MachineTFBS: Motif-based method to predict transcription factor binding sites with first-best models from machine learning library


YAMAN O. U., ÇALIK P.

Biochemical Engineering Journal, cilt.198, 2023 (SCI-Expanded) identifier identifier

  • Yayın Türü: Makale / Tam Makale
  • Cilt numarası: 198
  • Basım Tarihi: 2023
  • Doi Numarası: 10.1016/j.bej.2023.108990
  • Dergi Adı: Biochemical Engineering Journal
  • Derginin Tarandığı İndeksler: Science Citation Index Expanded (SCI-EXPANDED), Scopus, Academic Search Premier, PASCAL, Aquatic Science & Fisheries Abstracts (ASFA), BIOSIS, Biotechnology Research Abstracts, CAB Abstracts, Chimica, Compendex, EMBASE, Food Science & Technology Abstracts, INSPEC, Veterinary Science Database
  • Anahtar Kelimeler: Deep learning, eXtreme Gradient Boosting, Machine learning, MachineTFBS, Transcription factor, Transcription factor binding site prediction, Yeast
  • Orta Doğu Teknik Üniversitesi Adresli: Evet

Özet

This study aims to model the high-affinity transcription factor (TF) binding sites (TFBSs) in Saccharomyces cerevisiae promoters using high-throughput experimental TF binding data to train, test, and validate models.
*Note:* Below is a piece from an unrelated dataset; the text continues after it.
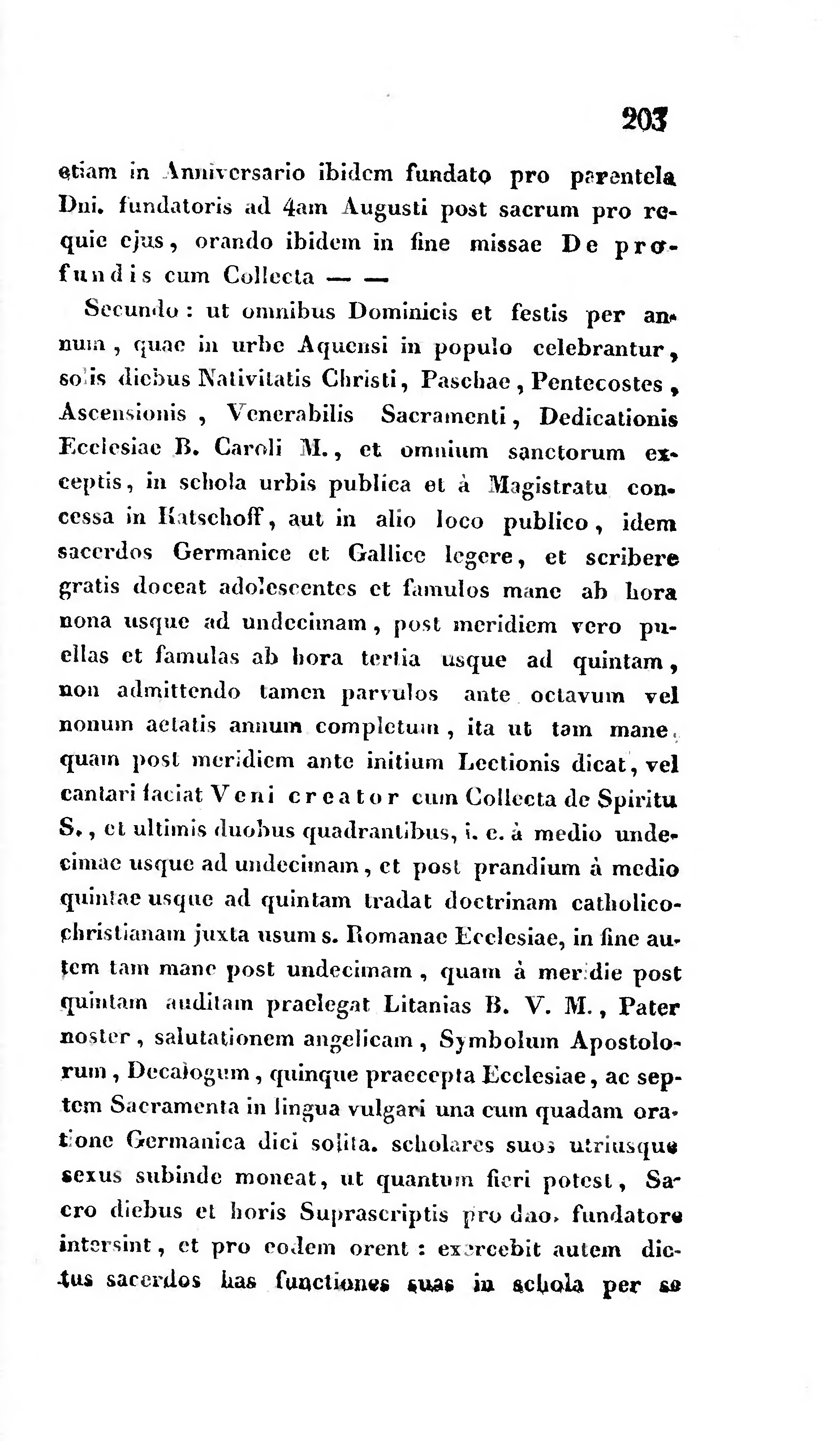 Secundu: ut omnibus Dominicis et festis per annum, quae in urbe Aquensi in populo celebrantur, solis diebus Nativitatis Christi, Paschae, Pentecostes, Ascensionis, Venerabilis Sacramenti, Dedicationis Ecclesiae B. Caroli M., et omnium sanctorum exceptis, in schola urbis publica et à Magistratu concessa in Katschoff, aut in alio loco publico, idem sacerdos Germanice et Gallice legere, et scribere gratis doceat adolescentes et famulos mane ab hora nona usque ad undecimam, post meridiem vero puellas et famulas ab hora tertia usque ad quintam, non admittendo tamen parvolos ante octavum vel nonum aetatis annum completum, ita ut tam mane, quam post meridiem ante initium Lectionis dicat, vel cantari faciat Veni creator cum Collecta de Spiritu S., et ultimis duobus quadrantibus, i. e. à medio undecimae usque ad undecimam, et post prandium à medio quintae usque ad quintam tradat doctrinam calholico-christianam juxta usum s. Romanae Ecclesiae, in fine autem tam mane post undecimam, quam à meridie post quintam auditam praelegat Litanias B. V. M., Pater noster, salutationem angelicam, Symbolum Apostolorum, Decalogum, quinque praecepta Ecclesiae, ac septem Sacramenta in lingua vulgari una cum quadam oratione Germanica dici solita. scholares suos utriusque sexus subinde moneat, ut quantum fieri polest, Sacro diebus et horis Suprascriptis pro dao. fundatore intersint, et pro eodem orent: exercebit autem dictus sacerdos has functiones suas in schola per se

We introduce MachineTFBS, a machine learning based TFBS prediction tool consisting of a library of machine learning models generated by treating each TF's protein binding microarray (PBM) dataset as an individual optimization problem and selectively generating the first-best performing models. Since the modeling quality of machine learning methods varies for different TFs, we tested Random Forest, eXtreme Gradient Boosting, and up to 5-depth Deep Learning models. We extracted 274 high-resolution PBM datasets of 159 S. cerevisiae TFs from the UniProbe database. We designed an algorithm for the greedy selection of the first-best models and feature combinations from five feature extraction functions for each PBM data. The optimal subset of the functions was identified using a feature elimination algorithm. The feature elimination algorithm advances in successive cycles for each PBM data until the elimination of any feature(s) improves model performance or the feature set size is reduced to 1; in turn, reports the optimal subset. MachineTFBS predicts TFBSs with an average Matthews Correlation Coefficient score of 0.873.